The problem ▸ The material below holds pictures; leave them out, and copy exactly, and only, the lines from the one with "首先映入眼帘的是我们的抽奖大" through the last.

Exercise data ▸
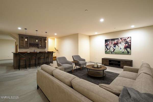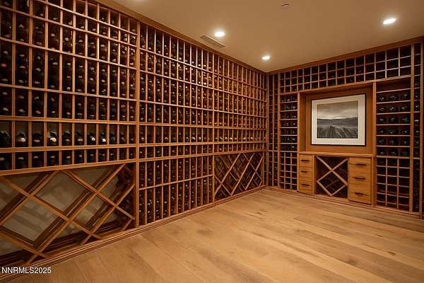 Perched high above the Carson Valley, where the air is crisp and the views seem to stretch forever, sits a single-story mountain retreat unlike any other. Tucked behind the private gates of Clear Creek Tahoe, this 1.88-acre estate blends the serenity of nature with refined elegance. The moment you step inside, the walls of glass frame sweeping vistas of the valley floor and the rugged peaks of the Sierra mountains. Sunlight floods the 6,448 square feet of thoughtfully crafted living space, where soaring ceilings and open, flowing rooms invite gatherings both grand and intimate. With an expansive 1,000 square foot patio facing south over the Carson Valley, the evening views are endless. Four spacious bedrooms, each with its en-suite bath, promise restful nights and quiet mornings. The heart of the home is built for both comfort and style-high-end finishes, warm natural textures, and seamless indoor-outdoor living make every day feel like a retreat. An expansive wine room, accommodating over 2,000 bottles, is a lavish haven for the true wine aficionado. Downstairs, a 678-square-foot bonus space offers endless potential: a game room for late-night laughter, or a private theater for cozy movie marathons. Life here extends far beyond the walls. *Note - the pictures are virtually staged and for illustrative purposes only. Clear Creek Tahoe offers private golf, scenic hiking trails, and an exclusive lakefront club on the shores of Lake Tahoe-all just minutes from the vibrant heart of Carson City. This is more than a home. It's where luxury meets adventure, where each sunrise feels like a fresh invitation to explore, and every evening ends with the mountains silhouetted against the fading light.
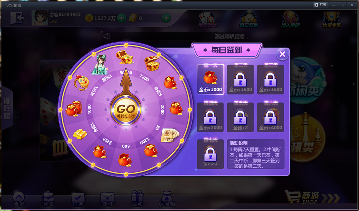 首先映入眼帘的是我们的抽奖大转盘,每人每天都拥有一次抽奖机会。奖品为游戏币和各类服装道具。但是,只要细心关注,就会发现我们有时会放入大奖品噢!
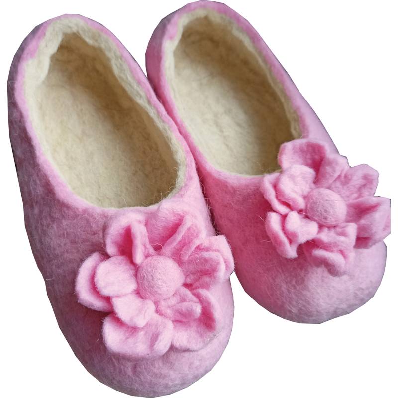 Тапочки войлочные розовые с цветком. Размер 41

Answer to this problem ▸
 首先映入眼帘的是我们的抽奖大转盘,每人每天都拥有一次抽奖机会。奖品为游戏币和各类服装道具。但是,只要细心关注,就会发现我们有时会放入大奖品噢!
 Тапочки войлочные розовые с цветком. Размер 41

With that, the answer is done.